The Trade Desk Shareholders Will Vote Whether CEO Jeff Green Should Keep Supervoting Shares


The Trade Desk shareholders will vote whether to change the voting structure of the company, potentially imperiling CEO Jeff Green’s control, according to an SEC filing.

The Trade Desk is holding a special stockholder vote on September 16 on whether to amend the date in which Green’s super-voting shares expire, or maintain the company’s current dual-class structure. Under that structure, the company offers two kinds of stock: Class A stock, which carries one vote per share; and Class B stock, which comes with super-voting rights that equate to 10 votes per share. 

Green, who controls more than 42 million shares of Class B stock and nearly 5 million shares of Class A stock in The Trade Desk, maintains 48.4% of total voting power in the company, according to the filing.

While not required, it’s general practice for companies with dual-class stock structures to have triggers for when those super-voting shares expire, or automatically become Class A voting shares. Those triggers include when Green’s term as chairman and CEO ends, if more than two-thirds of shareholders vote to end it, or at a pre-determined sunset trigger, which is currently set for December 22, 2025. In the filing, The Trade Desk’s board has proposed extending that sunset trigger by 10 years, to December 22, 2035.

In a proxy statement, the company urged shareholders to vote to approve the proposal, citing Green’s tenure as chief executive and The Trade Desk’s high valuation as confidence in extending the sunset trigger. Should shareholders reject it, which analysts say is unlikely in part also because of the dual-class share structure, Green’s position as top decision-maker at the company could be up in the air. 

“We have outperformed other ad-tech enterprises during our tenure with a unique approach and dedication to our customers,” the committee wrote, crediting Green’s “foresight, vision and grit.”

The committee praised Green for steering the company through a stock dip in early 2025 and accelerating its rebound, inking new partnerships, and debuting “a flurry of AI-powered innovations.” As such, the group said, “we concluded that it is in the best interest of all of our stockholders to stay the course that has served us so well to date by again asking to keep the Class A and B structure in place.”

The Trade Desk declined to provide further comment.

“My opinion is they’re going to extend it. [Jeff is] not going to give up his super vote,” said Jason S. Helfstein, managing director, head of internet research at Oppenheimer & Co. “While the stock is down from a valuation standpoint, at this point there are plenty of adtech companies that trade at much lower multiples than The Trade Desk does.
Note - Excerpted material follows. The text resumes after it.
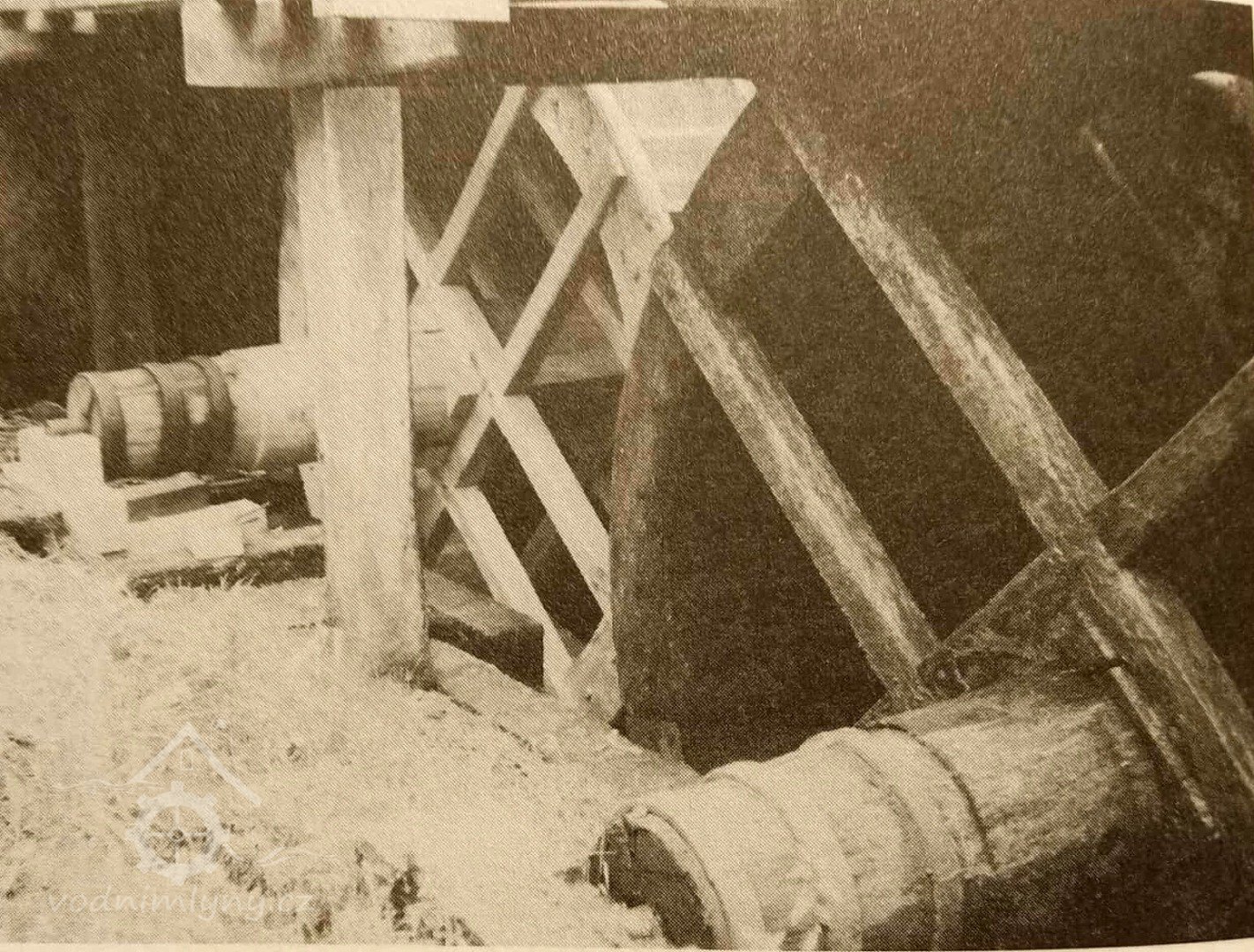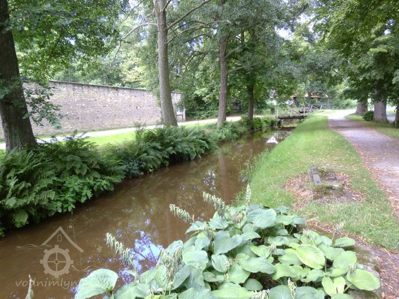 Při stavení náhon se stavidlem a zastavené chátrající nepřístupné a skryté vodní kolo od zrušené turbiny.

It’s a very high probability that the board extends super voting shares.”

Dual-class structures have become increasingly common among U.S. tech companies since the early 2000s, spiking in the mid-2010s with major IPOs including Facebook in 2012, Square in 2015, Pinterest in 2019, and Coinbase in 2021, according to data compiled by Jay R. Ritter, a finance professor at the University of Florida.

While the structure can empower visionary leaders, it also limits checks on power. Without such a structure, Green would be forced to bend to the will of outside shareholders on any number of matters. 

“If this vote goes against Jeff, he would lose control of the company. He wouldn’t be able to appoint his own board members, and he would essentially have to report to a functioning board of directors of the company,” said a former Trade Desk employee who still has some equity in the company, speaking on condition of anonymity. 

The company held a similar vote in 2020 and was set to vote on the dual-class structure every five years thereafter. In that initial vote, the board of directors and investors chose to extend the dual-class arrangement. 

In essence, the request asks stockholders to trust Green’s instincts over their own voting power. Whether investors will agree with this recommendation is yet to be seen.

The Trade Desk’s market value soared as high as $69 billion in December of 2024, nearly 70 times its 2016 IPO valuation, before sliding to around $25 billion today. Despite its largely positive revenue, earnings, and margins trendlines, the stock—and Green himself—have attracted recent scrutiny.

Wall Street reacted harshly to Green’s commentary on an August 7 earnings call on which he brushed aside concerns about intensifying competition from Amazon. “I think Amazon is more of a potential partner, honestly, than it is a long-term competitor,” he said. Millions of dollars in marketing spend had funneled out of The Trade Desk and to Amazon’s DSP this year, as ADWEEK previously reported. The company’s shares crashed nearly 40% in the days after the earnings call.

Correction, Aug 29 at 9:45 a.m. ET: This story has been corrected to clarify the details of the proxy vote.